___ MATERIAL FOR THE TASK ___

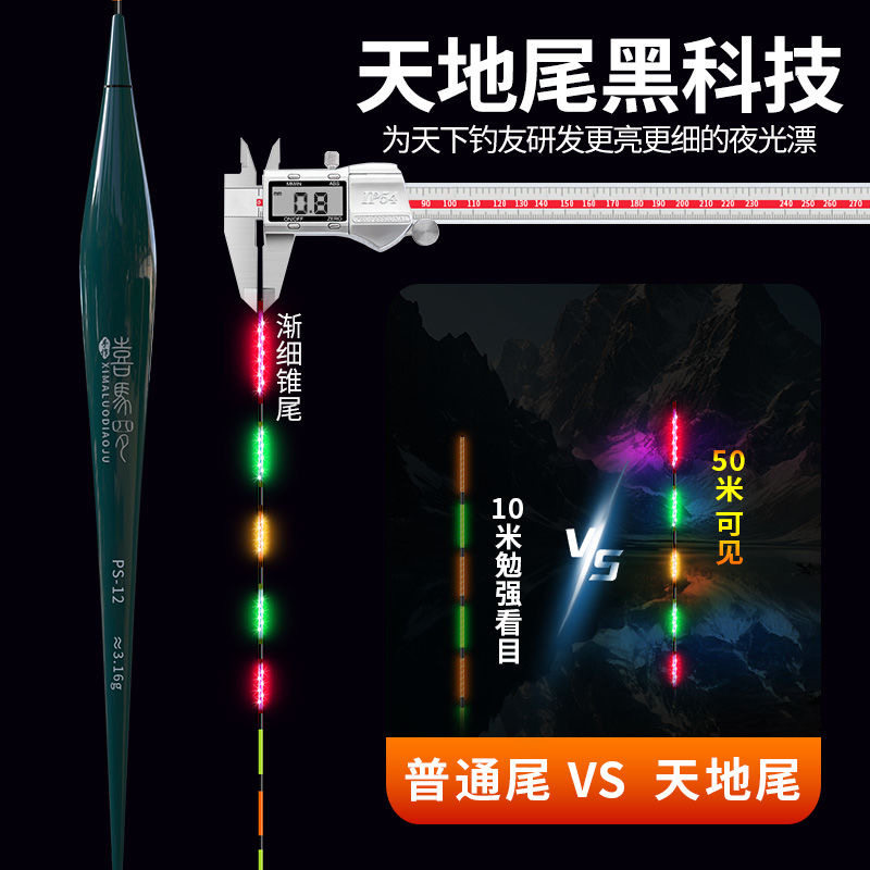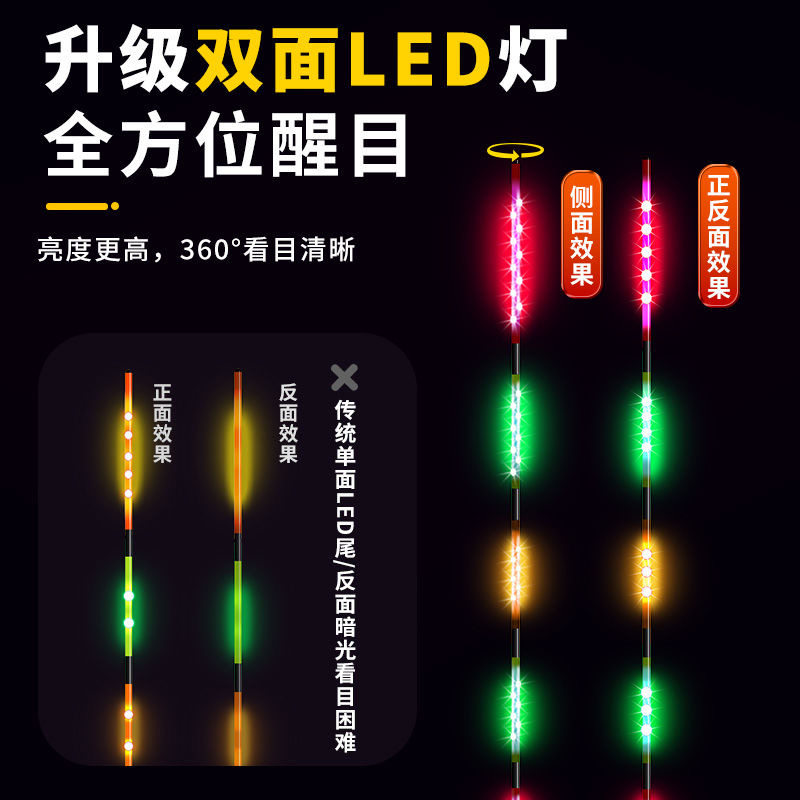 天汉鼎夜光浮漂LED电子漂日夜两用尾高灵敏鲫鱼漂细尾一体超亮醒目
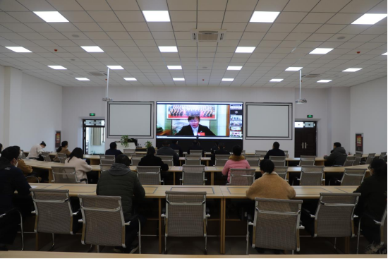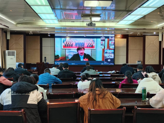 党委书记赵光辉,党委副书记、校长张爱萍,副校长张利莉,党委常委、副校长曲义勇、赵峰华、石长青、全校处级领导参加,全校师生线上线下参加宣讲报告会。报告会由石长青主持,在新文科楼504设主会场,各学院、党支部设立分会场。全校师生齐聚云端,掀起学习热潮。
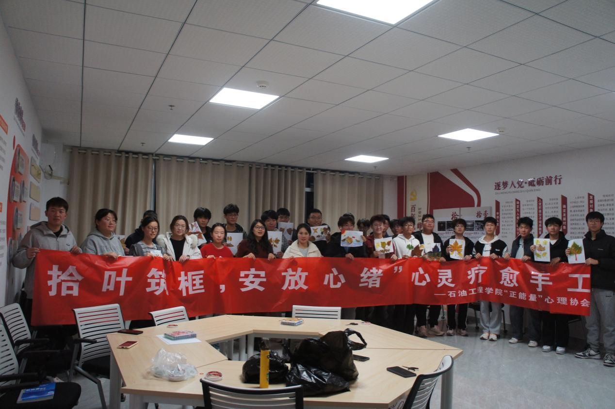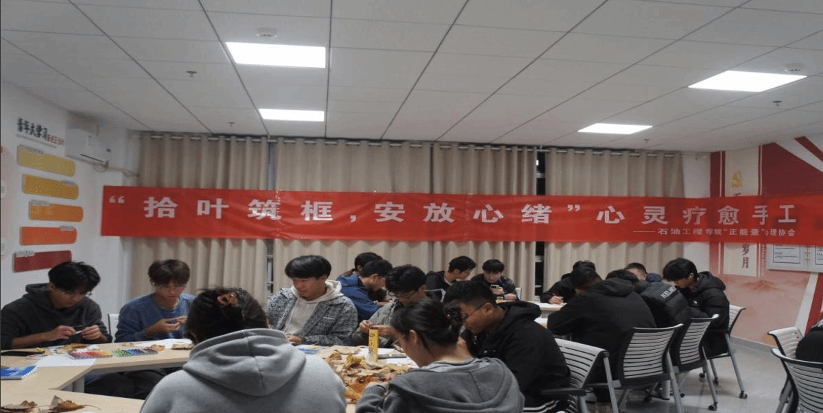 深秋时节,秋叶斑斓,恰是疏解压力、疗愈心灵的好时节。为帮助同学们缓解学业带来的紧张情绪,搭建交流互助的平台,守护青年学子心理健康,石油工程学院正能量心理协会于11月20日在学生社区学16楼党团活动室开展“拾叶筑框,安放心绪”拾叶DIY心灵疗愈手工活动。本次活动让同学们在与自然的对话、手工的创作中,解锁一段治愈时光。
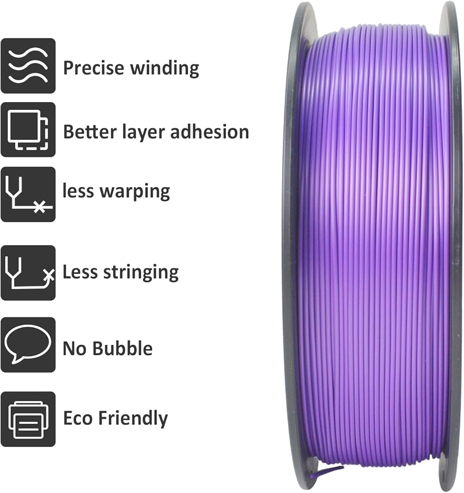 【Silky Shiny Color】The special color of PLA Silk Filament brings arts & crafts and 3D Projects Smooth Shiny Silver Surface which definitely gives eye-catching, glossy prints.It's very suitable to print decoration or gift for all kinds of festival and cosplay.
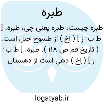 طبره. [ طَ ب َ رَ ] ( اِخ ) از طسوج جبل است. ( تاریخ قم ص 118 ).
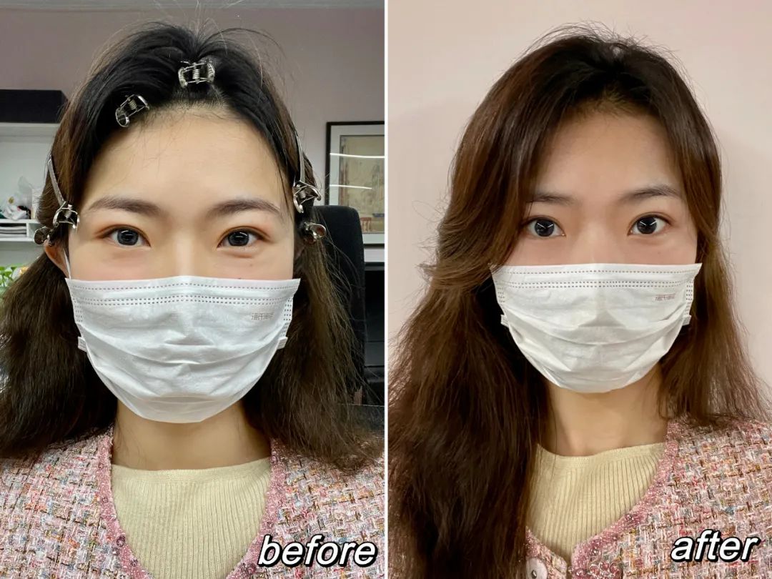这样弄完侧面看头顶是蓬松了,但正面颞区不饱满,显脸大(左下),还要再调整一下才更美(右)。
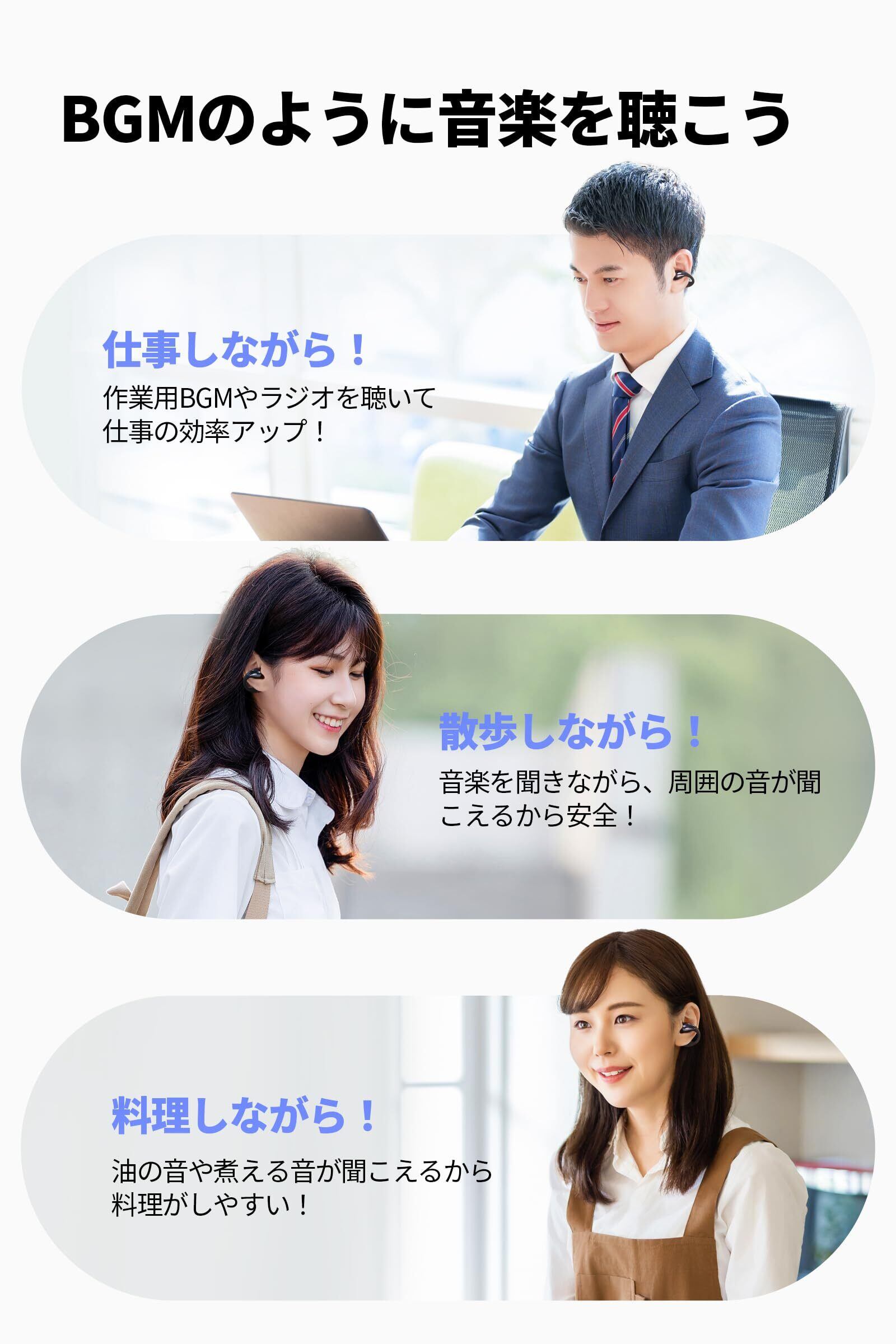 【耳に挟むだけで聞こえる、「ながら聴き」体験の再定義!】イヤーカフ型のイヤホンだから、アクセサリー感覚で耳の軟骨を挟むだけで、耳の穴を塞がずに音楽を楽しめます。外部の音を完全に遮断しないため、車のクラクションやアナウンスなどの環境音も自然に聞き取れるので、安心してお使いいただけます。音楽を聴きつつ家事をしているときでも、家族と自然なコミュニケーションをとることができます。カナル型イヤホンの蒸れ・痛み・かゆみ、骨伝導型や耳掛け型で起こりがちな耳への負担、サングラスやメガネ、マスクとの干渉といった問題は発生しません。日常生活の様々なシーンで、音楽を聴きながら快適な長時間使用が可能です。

___
___ MATERIAL FOR THE TASK ___

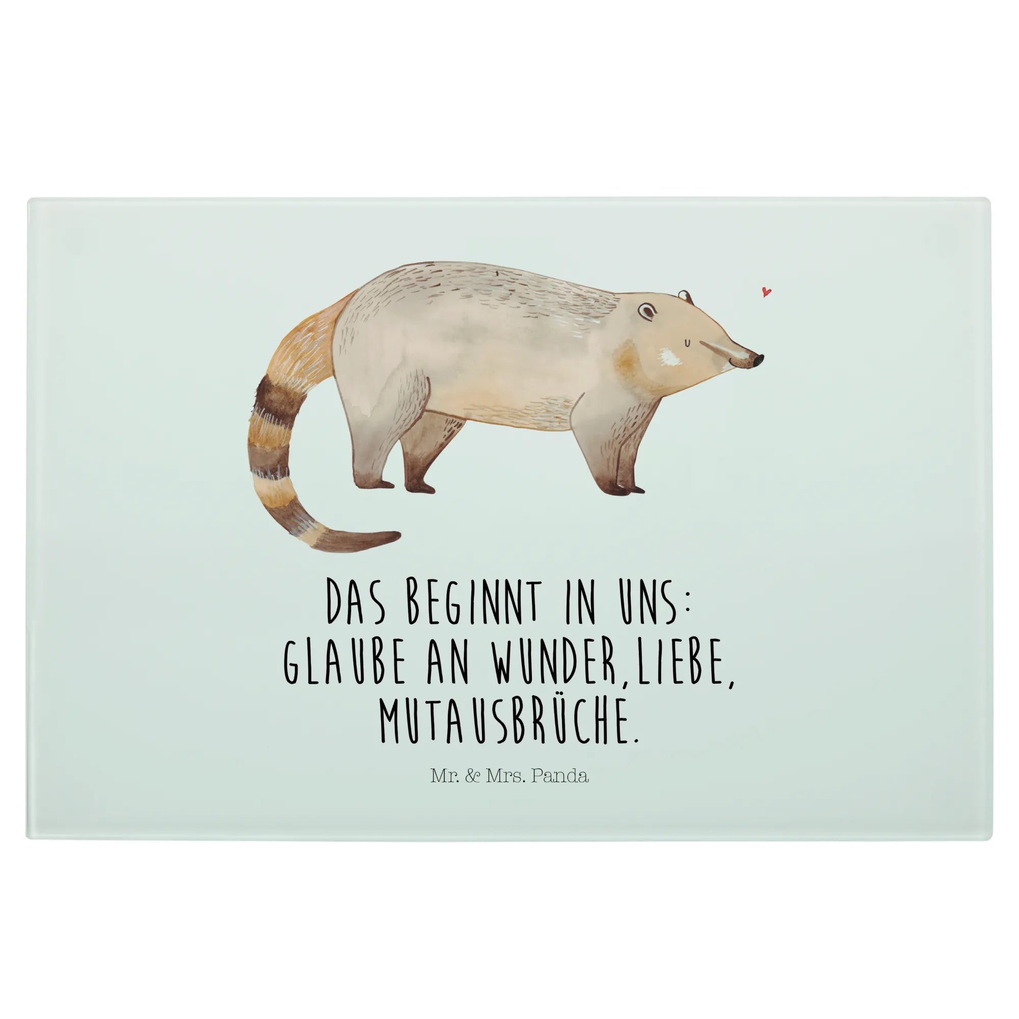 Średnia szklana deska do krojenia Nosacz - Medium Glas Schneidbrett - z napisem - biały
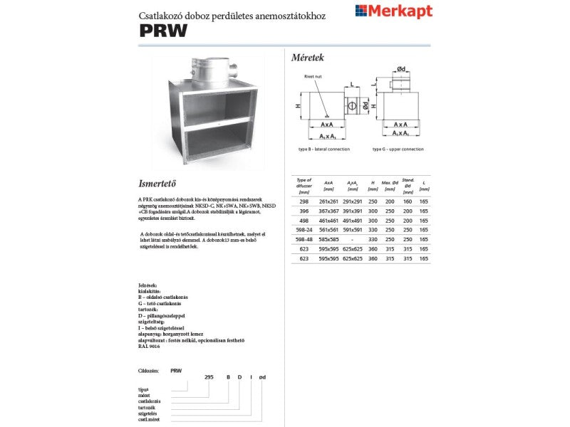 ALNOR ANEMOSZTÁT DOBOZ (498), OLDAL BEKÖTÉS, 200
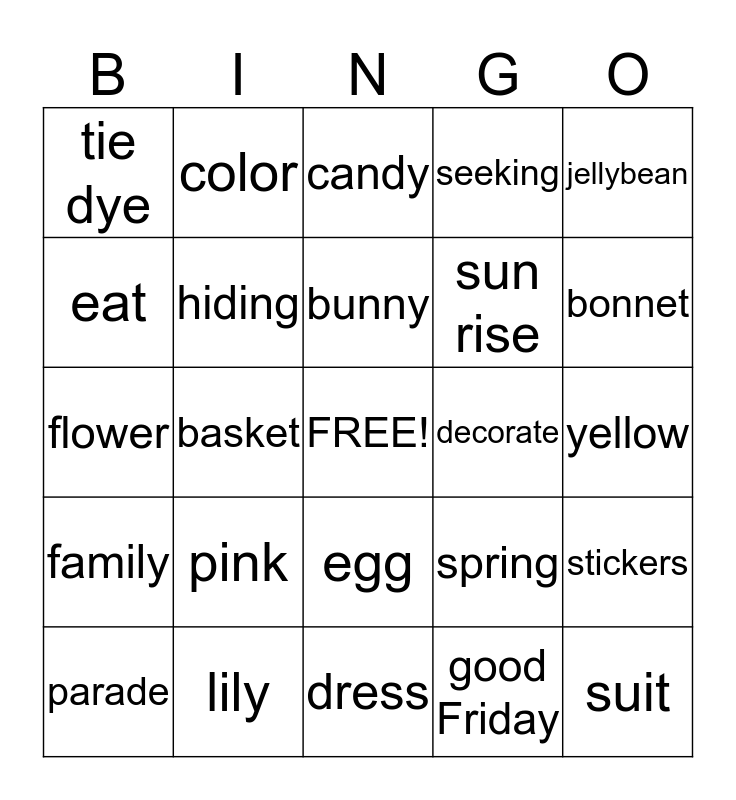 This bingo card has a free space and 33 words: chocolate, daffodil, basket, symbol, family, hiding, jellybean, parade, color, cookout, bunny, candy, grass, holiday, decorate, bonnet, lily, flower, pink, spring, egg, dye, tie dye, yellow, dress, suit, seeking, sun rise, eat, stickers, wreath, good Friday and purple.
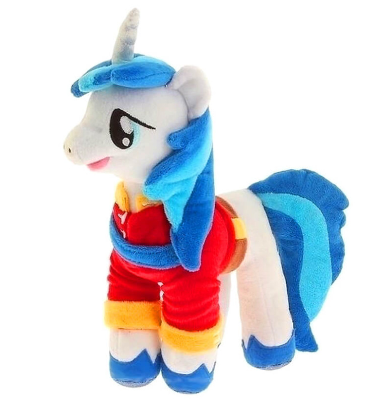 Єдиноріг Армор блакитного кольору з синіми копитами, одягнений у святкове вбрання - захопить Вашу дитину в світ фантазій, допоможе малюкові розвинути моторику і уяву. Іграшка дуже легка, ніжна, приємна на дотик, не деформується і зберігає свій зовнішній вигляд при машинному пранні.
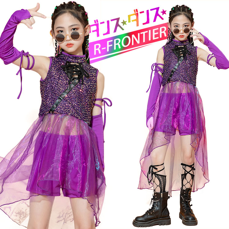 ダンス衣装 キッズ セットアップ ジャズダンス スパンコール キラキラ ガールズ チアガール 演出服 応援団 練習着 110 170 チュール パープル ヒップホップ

___

Word for word, write out the lines above running from the one with "Średnia szklana deska" up to and including the one with "ダンス衣装 キッズ セットアップ". Drop any picture.

REPLY TO THE TASK:
 Średnia szklana deska do krojenia Nosacz - Medium Glas Schneidbrett - z napisem - biały
 ALNOR ANEMOSZTÁT DOBOZ (498), OLDAL BEKÖTÉS, 200
 This bingo card has a free space and 33 words: chocolate, daffodil, basket, symbol, family, hiding, jellybean, parade, color, cookout, bunny, candy, grass, holiday, decorate, bonnet, lily, flower, pink, spring, egg, dye, tie dye, yellow, dress, suit, seeking, sun rise, eat, stickers, wreath, good Friday and purple.
 Єдиноріг Армор блакитного кольору з синіми копитами, одягнений у святкове вбрання - захопить Вашу дитину в світ фантазій, допоможе малюкові розвинути моторику і уяву. Іграшка дуже легка, ніжна, приємна на дотик, не деформується і зберігає свій зовнішній вигляд при машинному пранні.
 ダンス衣装 キッズ セットアップ ジャズダンス スパンコール キラキラ ガールズ チアガール 演出服 応援団 練習着 110 170 チュール パープル ヒップホップ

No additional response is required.